* What to work on: Set down each entry exactly as given; pictures should not appear in the copy.

* Study material:
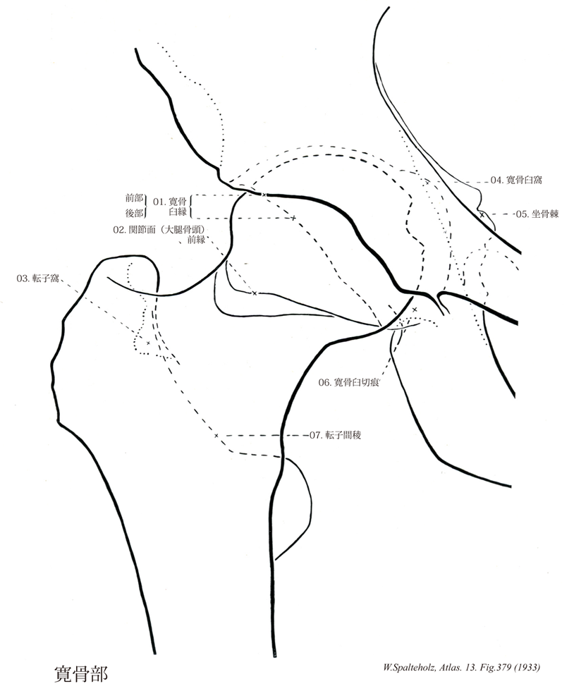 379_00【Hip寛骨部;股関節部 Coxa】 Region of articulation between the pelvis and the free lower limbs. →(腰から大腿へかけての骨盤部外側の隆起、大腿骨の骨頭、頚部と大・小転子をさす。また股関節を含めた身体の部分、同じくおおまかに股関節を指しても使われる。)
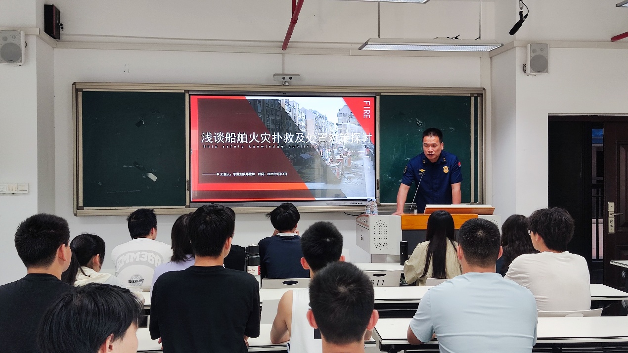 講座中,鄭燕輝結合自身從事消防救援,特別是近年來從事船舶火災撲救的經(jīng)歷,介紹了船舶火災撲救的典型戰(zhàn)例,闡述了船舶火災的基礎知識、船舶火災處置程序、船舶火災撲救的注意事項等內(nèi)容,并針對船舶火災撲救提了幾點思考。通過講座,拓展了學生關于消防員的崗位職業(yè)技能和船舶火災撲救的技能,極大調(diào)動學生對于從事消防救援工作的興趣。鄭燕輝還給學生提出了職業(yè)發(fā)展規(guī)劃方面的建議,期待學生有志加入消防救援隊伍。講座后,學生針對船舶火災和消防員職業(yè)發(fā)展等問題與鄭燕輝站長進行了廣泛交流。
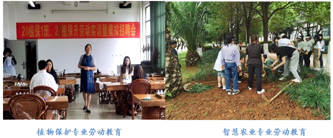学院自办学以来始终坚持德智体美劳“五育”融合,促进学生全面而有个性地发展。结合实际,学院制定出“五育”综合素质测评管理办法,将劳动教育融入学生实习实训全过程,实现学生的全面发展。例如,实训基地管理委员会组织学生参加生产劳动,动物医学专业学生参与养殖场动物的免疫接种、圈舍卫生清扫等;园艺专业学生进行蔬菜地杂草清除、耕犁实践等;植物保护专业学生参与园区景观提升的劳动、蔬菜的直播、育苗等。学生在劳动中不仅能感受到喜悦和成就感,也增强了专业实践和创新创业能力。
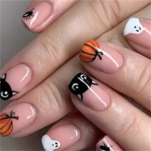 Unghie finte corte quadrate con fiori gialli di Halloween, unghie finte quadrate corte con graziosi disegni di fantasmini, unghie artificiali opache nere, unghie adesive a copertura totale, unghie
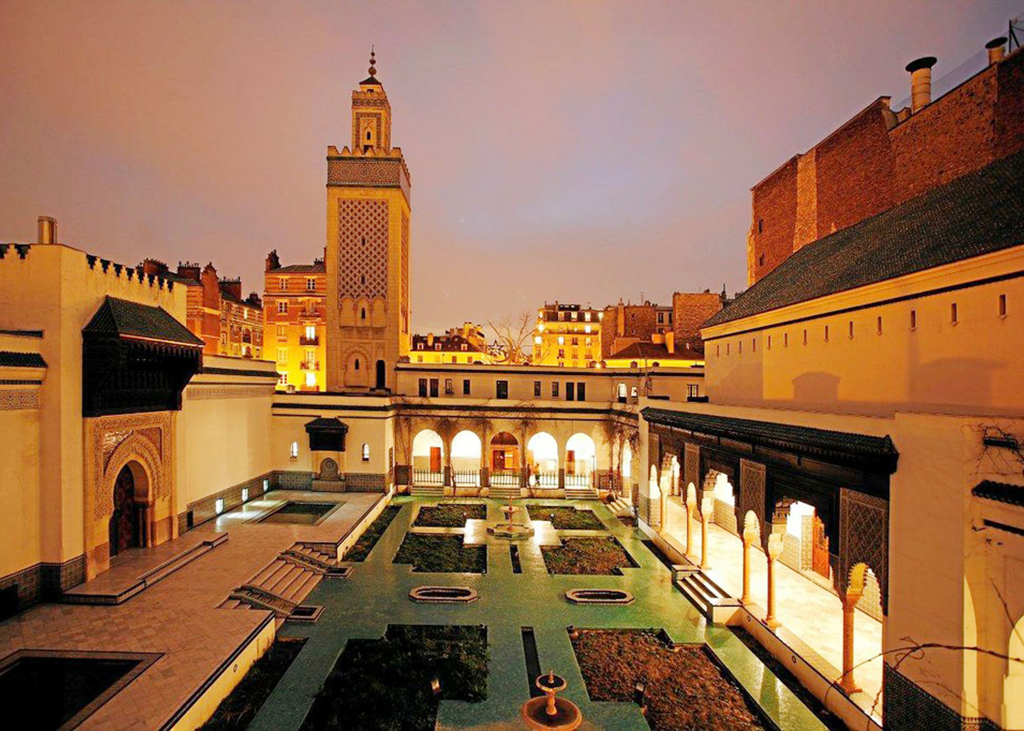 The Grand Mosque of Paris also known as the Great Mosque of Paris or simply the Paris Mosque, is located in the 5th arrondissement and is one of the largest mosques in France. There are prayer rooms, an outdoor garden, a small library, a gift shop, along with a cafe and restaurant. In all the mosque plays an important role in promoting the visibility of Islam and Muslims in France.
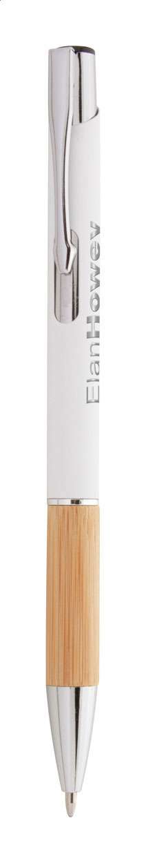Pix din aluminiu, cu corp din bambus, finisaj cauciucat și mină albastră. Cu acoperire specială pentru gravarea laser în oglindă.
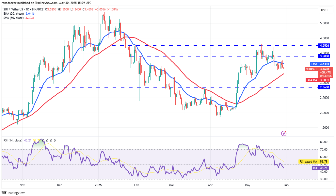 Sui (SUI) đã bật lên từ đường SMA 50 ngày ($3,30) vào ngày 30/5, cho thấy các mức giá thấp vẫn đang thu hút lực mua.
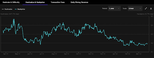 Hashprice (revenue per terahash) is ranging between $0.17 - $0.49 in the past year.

* Output for this exercise:
 379_00【Hip寛骨部;股関節部 Coxa】 Region of articulation between the pelvis and the free lower limbs. →(腰から大腿へかけての骨盤部外側の隆起、大腿骨の骨頭、頚部と大・小転子をさす。また股関節を含めた身体の部分、同じくおおまかに股関節を指しても使われる。)
 講座中,鄭燕輝結合自身從事消防救援,特別是近年來從事船舶火災撲救的經(jīng)歷,介紹了船舶火災撲救的典型戰(zhàn)例,闡述了船舶火災的基礎知識、船舶火災處置程序、船舶火災撲救的注意事項等內(nèi)容,并針對船舶火災撲救提了幾點思考。通過講座,拓展了學生關于消防員的崗位職業(yè)技能和船舶火災撲救的技能,極大調(diào)動學生對于從事消防救援工作的興趣。鄭燕輝還給學生提出了職業(yè)發(fā)展規(guī)劃方面的建議,期待學生有志加入消防救援隊伍。講座后,學生針對船舶火災和消防員職業(yè)發(fā)展等問題與鄭燕輝站長進行了廣泛交流。
学院自办学以来始终坚持德智体美劳“五育”融合,促进学生全面而有个性地发展。结合实际,学院制定出“五育”综合素质测评管理办法,将劳动教育融入学生实习实训全过程,实现学生的全面发展。例如,实训基地管理委员会组织学生参加生产劳动,动物医学专业学生参与养殖场动物的免疫接种、圈舍卫生清扫等;园艺专业学生进行蔬菜地杂草清除、耕犁实践等;植物保护专业学生参与园区景观提升的劳动、蔬菜的直播、育苗等。学生在劳动中不仅能感受到喜悦和成就感,也增强了专业实践和创新创业能力。
 Unghie finte corte quadrate con fiori gialli di Halloween, unghie finte quadrate corte con graziosi disegni di fantasmini, unghie artificiali opache nere, unghie adesive a copertura totale, unghie
 The Grand Mosque of Paris also known as the Great Mosque of Paris or simply the Paris Mosque, is located in the 5th arrondissement and is one of the largest mosques in France. There are prayer rooms, an outdoor garden, a small library, a gift shop, along with a cafe and restaurant. In all the mosque plays an important role in promoting the visibility of Islam and Muslims in France.
Pix din aluminiu, cu corp din bambus, finisaj cauciucat și mină albastră. Cu acoperire specială pentru gravarea laser în oglindă.
 Sui (SUI) đã bật lên từ đường SMA 50 ngày ($3,30) vào ngày 30/5, cho thấy các mức giá thấp vẫn đang thu hút lực mua.
 Hashprice (revenue per terahash) is ranging between $0.17 - $0.49 in the past year.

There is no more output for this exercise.